Tag Archives: Tatsunori Hara

NPB 2020 Oct. 30

Friday’s games

Other news

Giants tie up title

The Yomiuri Giants got exactly what they needed to clinch their second straight pennant on Friday after the second-place Tigers tied. Knowing Hanshin had been held to a 3-3 tie in Yokohama. The Giants began celebrating as soon as they held the Yakult Swallows scoreless in the top of the 10th at Tokyo Dome in their own 3-3 tie.

The Swallows tied it 3-3 in the eighth, and Scott McGough allowed the Giants to load the bases in the bottom of the ninth but kept them from scoring, which was pretty much the story of the game as both team had big chances to score but failed at the last hurdle.

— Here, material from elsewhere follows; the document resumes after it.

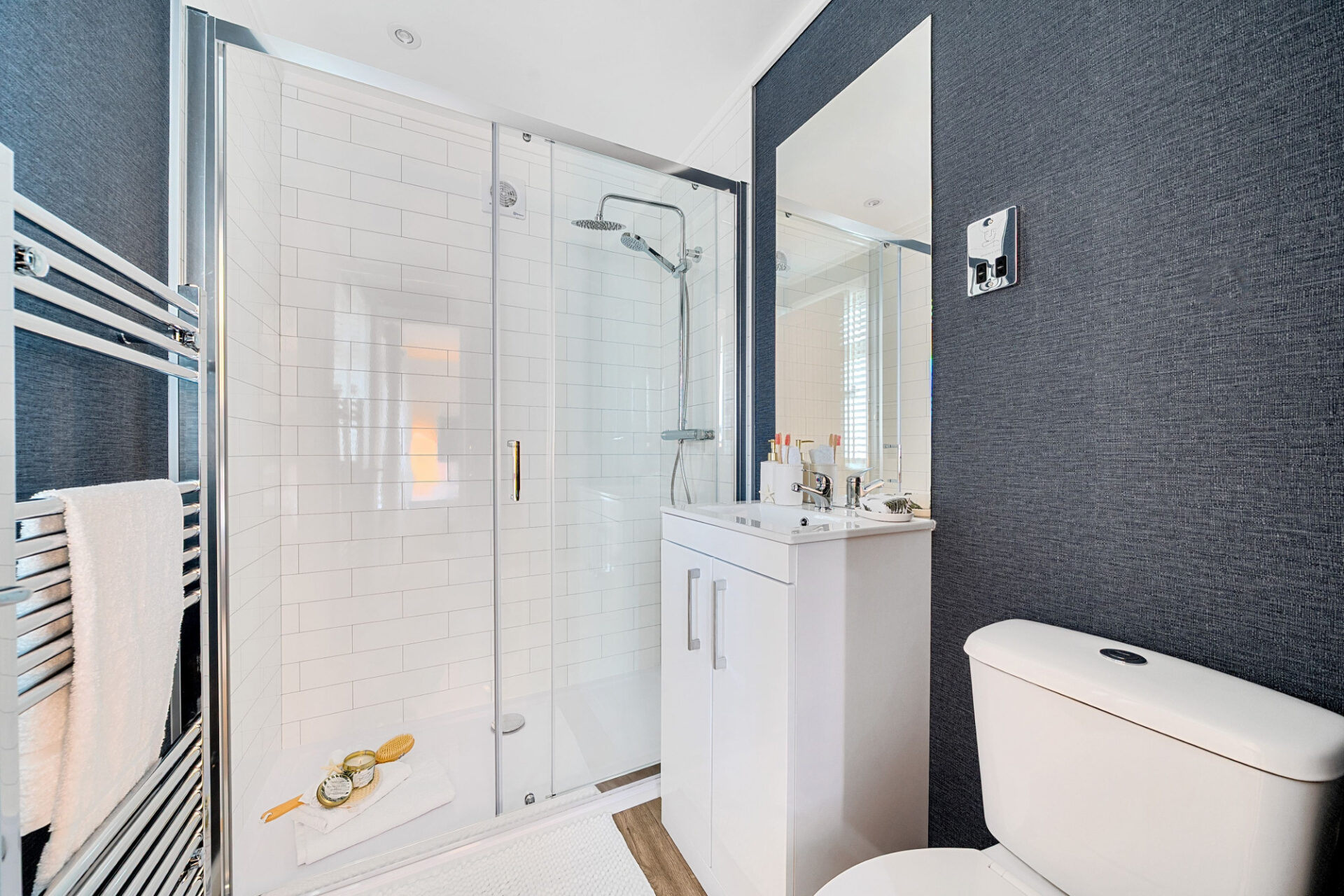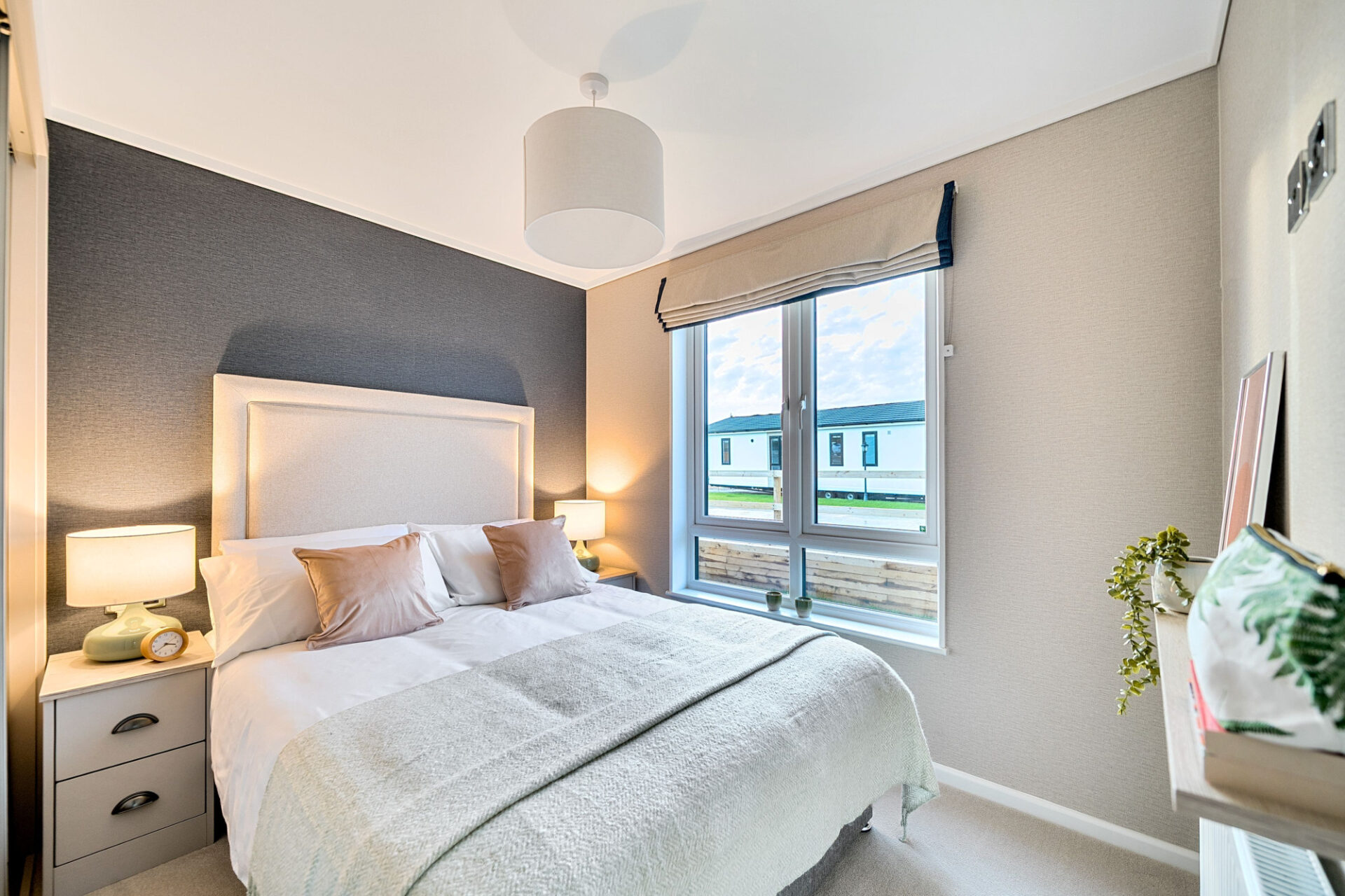 This brand-new, modern-furnished Sofia (42'x20') luxury park home is perfect for those looking for a detached, easy-to-maintain, bungalow-style property. The home has a spacious kitchen with integrated appliances and a breakfast bar, dining area and comfortable living area with electric fireplace. There are two double bedrooms with fitted wardrobes, an en suite and a bathroom.

Giants manager Tatsunori Hara, whose team remained mired in a five-game losing streak and who barely scraped out a tie, said the game was a fitting pennant clincher in a season that only barely happened and said he was proud of the effort baseball had made to get it in.

The Swallows tied it in the fifth but failed to break the game open, stranding multiple runners in scoring position in the fifth and seventh.

The Giants, turned away in the fourth by starter Hiroaki Saiuchi, took the lead in the sixth when Yoshihiro Maru doubled and scored on a Takumi Oshiro single but left the bases loaded against rookie Naruki Terashima.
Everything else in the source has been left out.